However, despite this shift in most US companies, the percentage of women at or near the top has flattened and most professional women continue to suffer from occupational segregation in the workplace and find it hard to break through the so-called ‘glass ceiling’ created by their male colleagues, separating them from top-level jobs and the middle level professional positions.
While South Asia has made substantial progress mainly due to the efforts of the state to close the gender gap in top managerial and professional jobs, for most women in top management, it is still very lonely at the top and the glass ceiling still remains relatively intact. According to nonprofit research group Catalyst’s, despite a few headline grabbing gains in 2012, women still hold a very low percentage of the top jobs in the private and public sectors.
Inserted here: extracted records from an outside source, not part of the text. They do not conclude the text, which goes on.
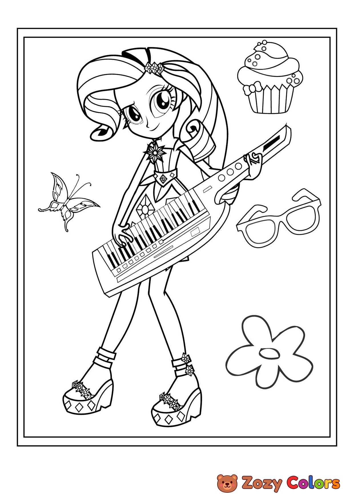 Girl playing keyboards. Coloring page to print or download and color for your kids.
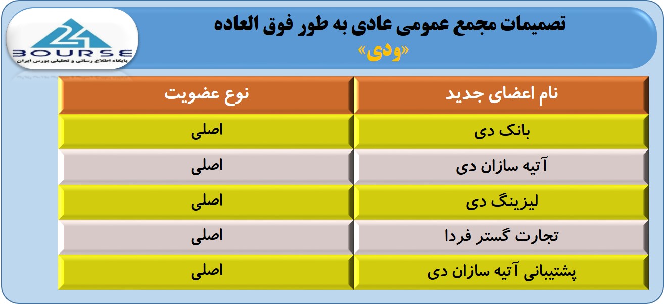 اعضای هیأت مدیره ودی با تغییر یک عضو حقوقی به مدت ٢ سال انتخاب شدند.
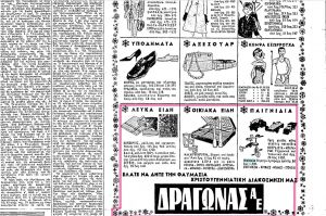 Επιστροφή στα θρανία λέει η Διαφήμιση στην «Ελευθερία» (10/9/1961) η οποία καλεί τους καταναλωτές να αγοράσουν προϊόντα για τα παιδιά από τον Δραγώνα, ανάμεσά τους και ποδήλατα.
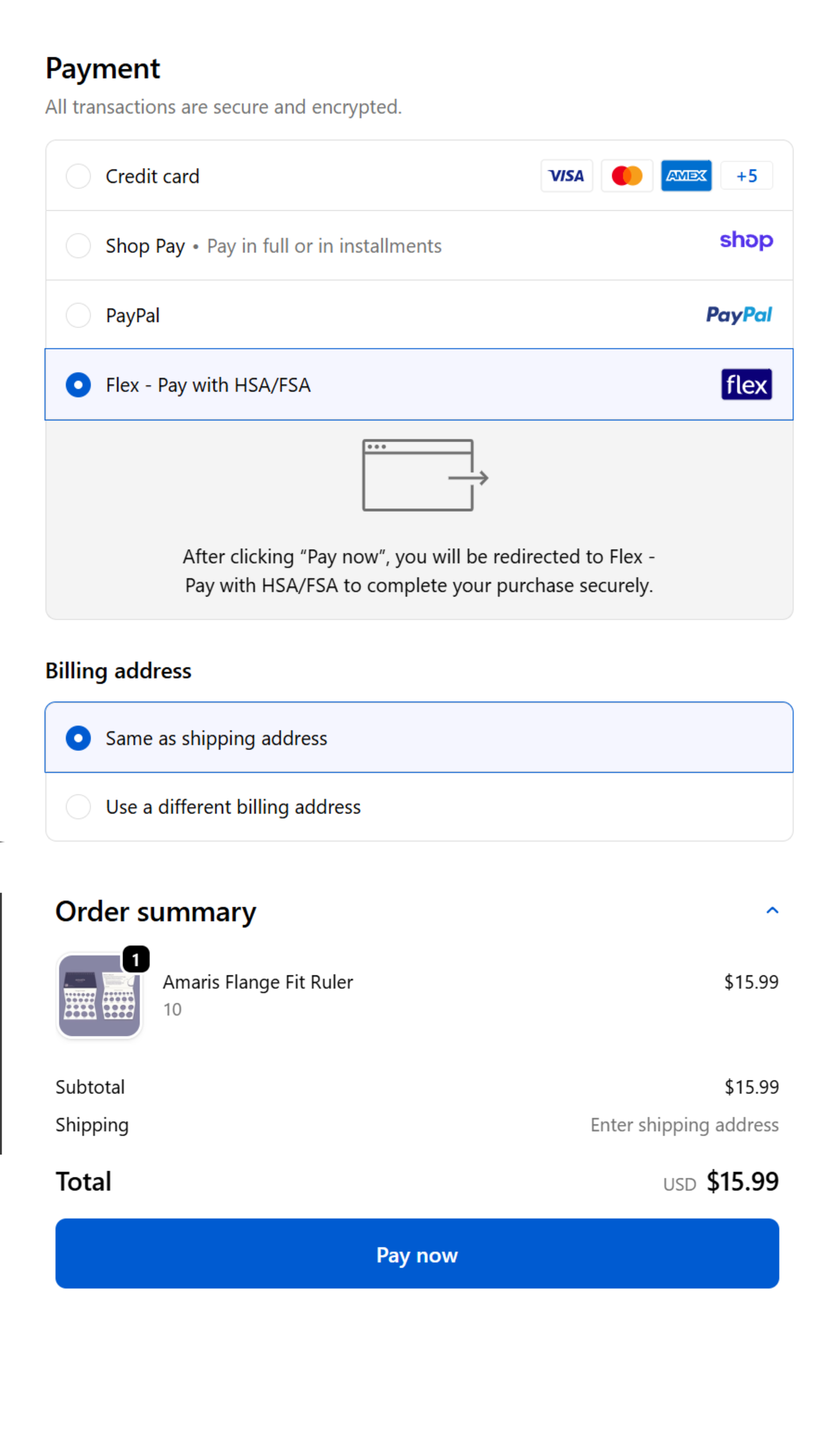After adding items to your cart, proceed to checkout and select the Flex option and enter the information from your HSA or FSA card. If you have items in your cart that do not qualify for HSA/FSA, you will be prompted to enter an additional form of payment to cover those items.
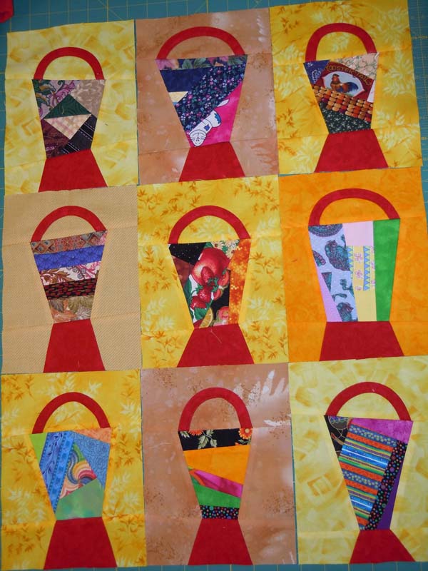Hi, I have finally gotten the second set of basket blocks finished. The first set I am keeping. I discovered that the red ran, even after the fabric had been treated to remove excess colour, and the blocks were made. The new set is made with colourfast red, so there should be no problems.
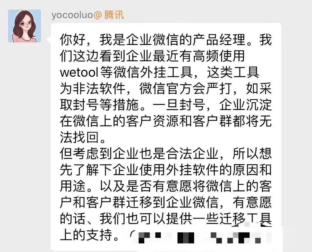 WeTool团队:5月25日晚上8点开始,陆续有用户反馈个人微信号被封。其中,一家在线教育公司是我们的大客户,他们反馈自己老师的个人微信号被封了上百个,我们意识到了事情的严重性。
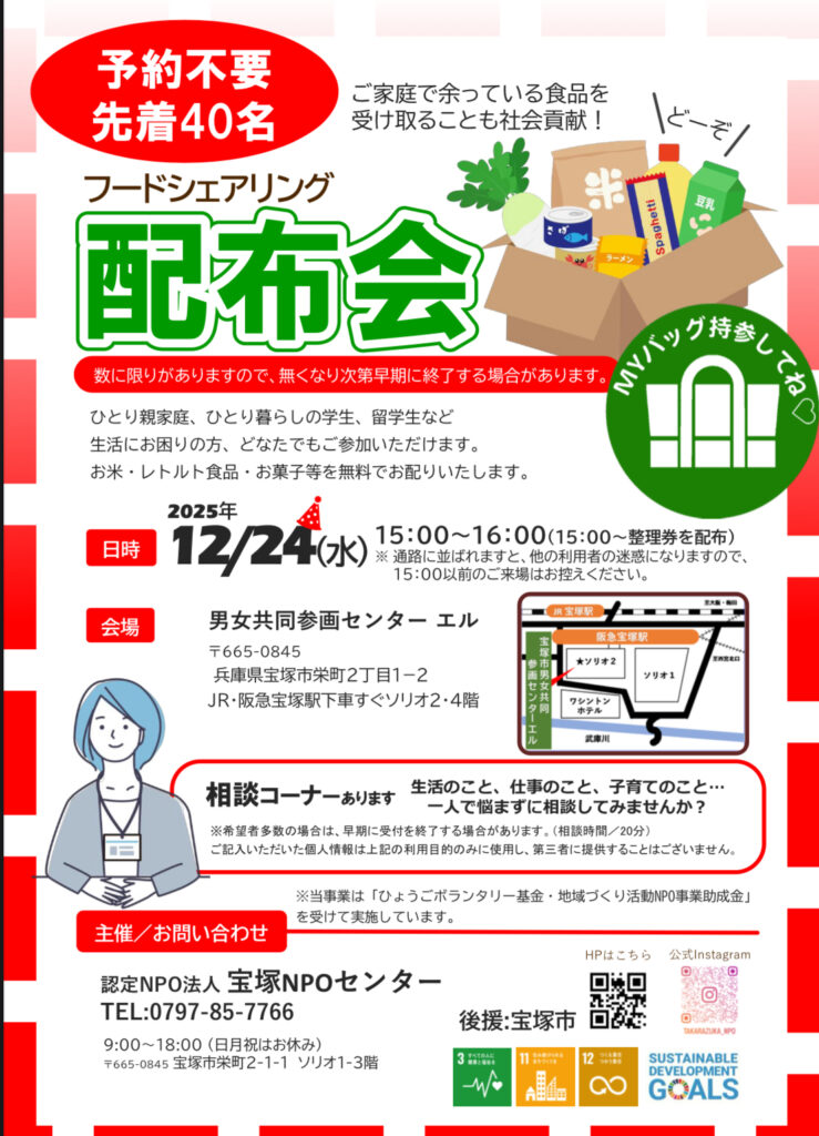 今回、回収された食品は12月24日(水)15:00からソリオ2の4階にある宝塚市立男女共同参画センター エルにて配布されます。限定40名に配布予定で整理券が15:00より配布されます。
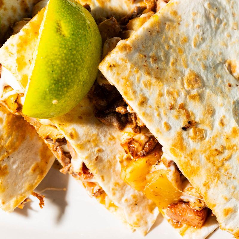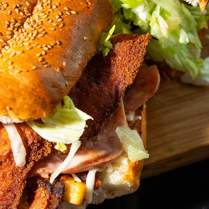 Marinated pork, grilled, seasoned steak, ham, bacon, cheese, and pineapple.
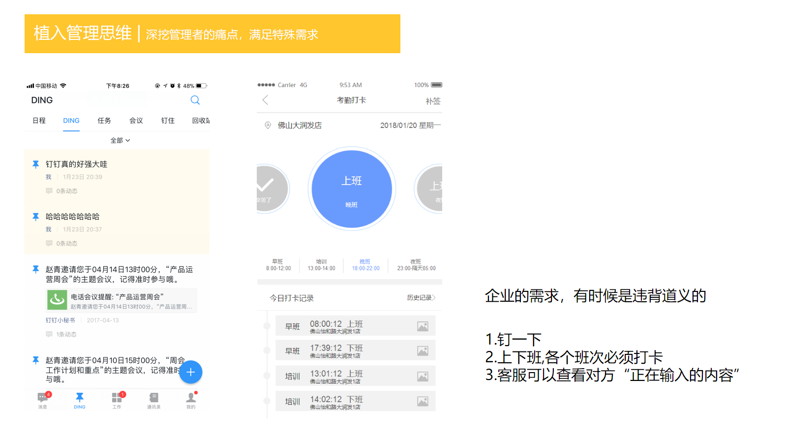 企业级的产品,很多需求和痛点都是管理上的需求和痛点,虽然有时很多业务需求我们站在用户的角度确实觉得体验很不好,但站在管理层的角度,就会发现确实是真实存在的。这时,设计师要做的是如何在管理层的强需求和用户体验之间做到平衡。
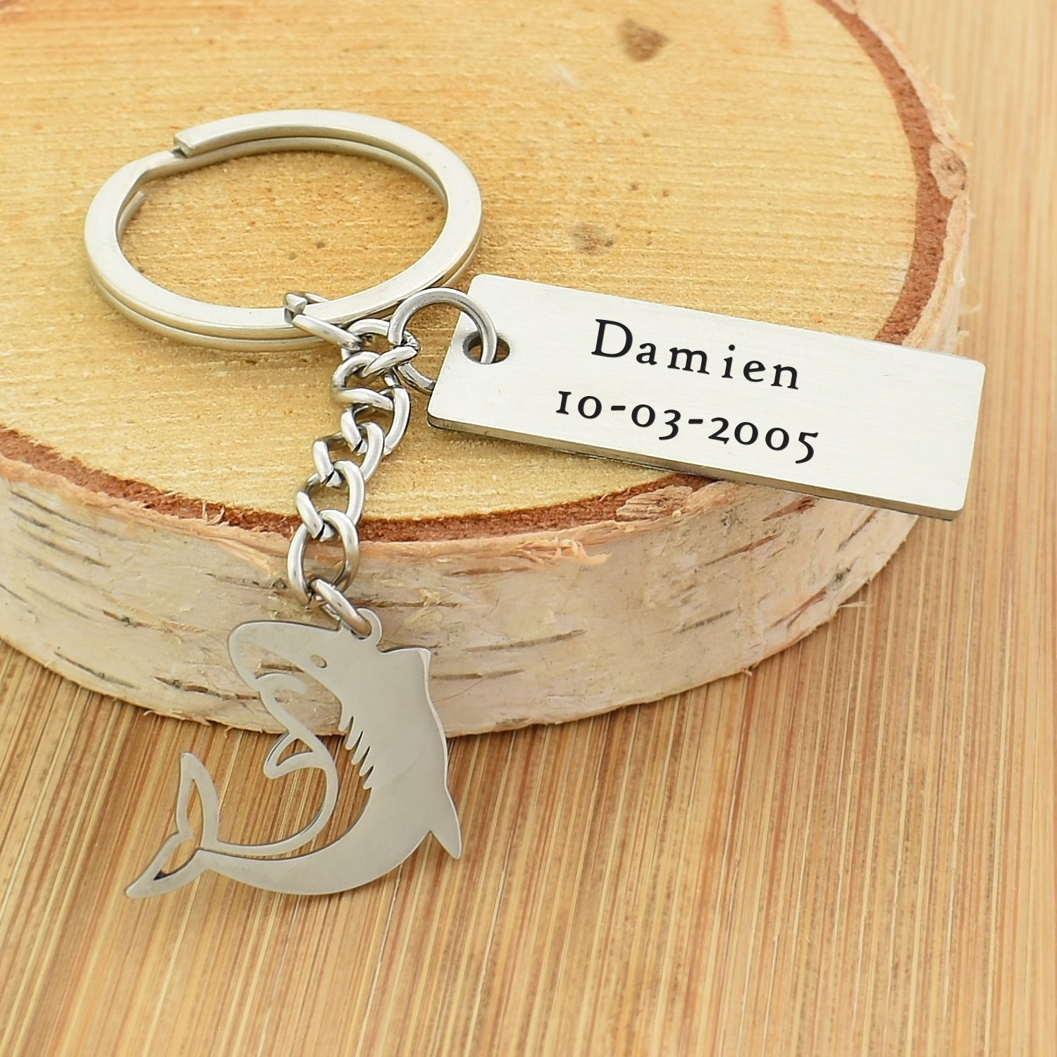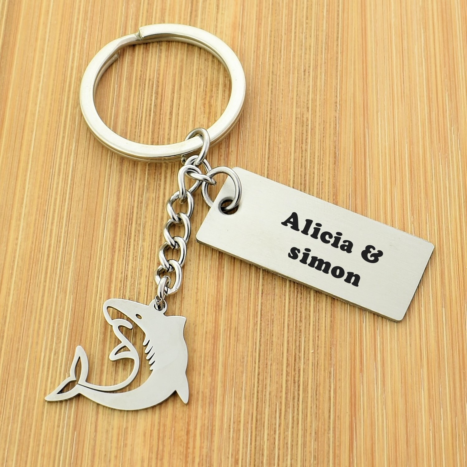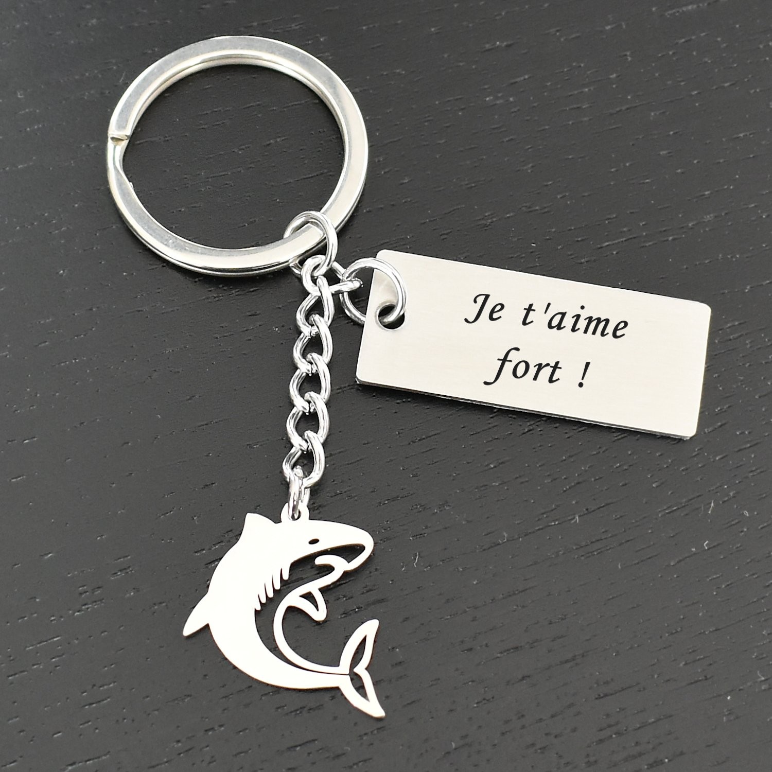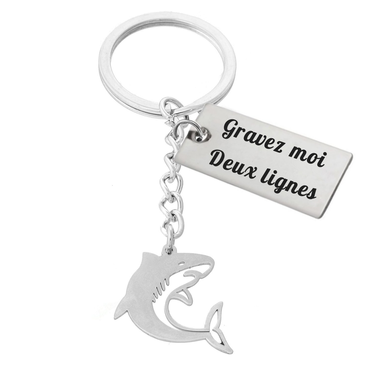 Porte-clés Requin gravé — Plaque 2 Lignes Cadeau Mer Ocean Personnalisé Acier

Globally, even though women represent more than 50 percent of the world’s labour force, their share of management positions still remains unacceptably low with just a tiny proportion succeeding in breaking through the glass ceiling to obtain those plum top jobs. One explanation for this, a small number of female executives is the persistence of negative stereotypes about women as top managers.
Change
Attitudes about the role of women in society may have changed dramatically, but women are still perceived as being less suited than men to manage the top stressful, demanding and male dominated managerial positions. Such perceptions about female managers may cause firms to underutilize a significant part of the workforce. Women now represent nearly half of the total labor force, yet discrimination based on sex continues to occur in such areas as overseas training, foreign postings, performance appraisal, mentoring opportunities, pay and available career paths.
Trained women
We often hear the argument that even though more and more women are getting professionally qualified there are still an insufficient number of professionally trained women to fill the top jobs. This argument is rapidly becoming outmoded. For example, the numbers of women qualifying as technology professionals, accountants and lawyers have increased drastically over the last few years and many of them make that extra effort to grow and build the required soft skills.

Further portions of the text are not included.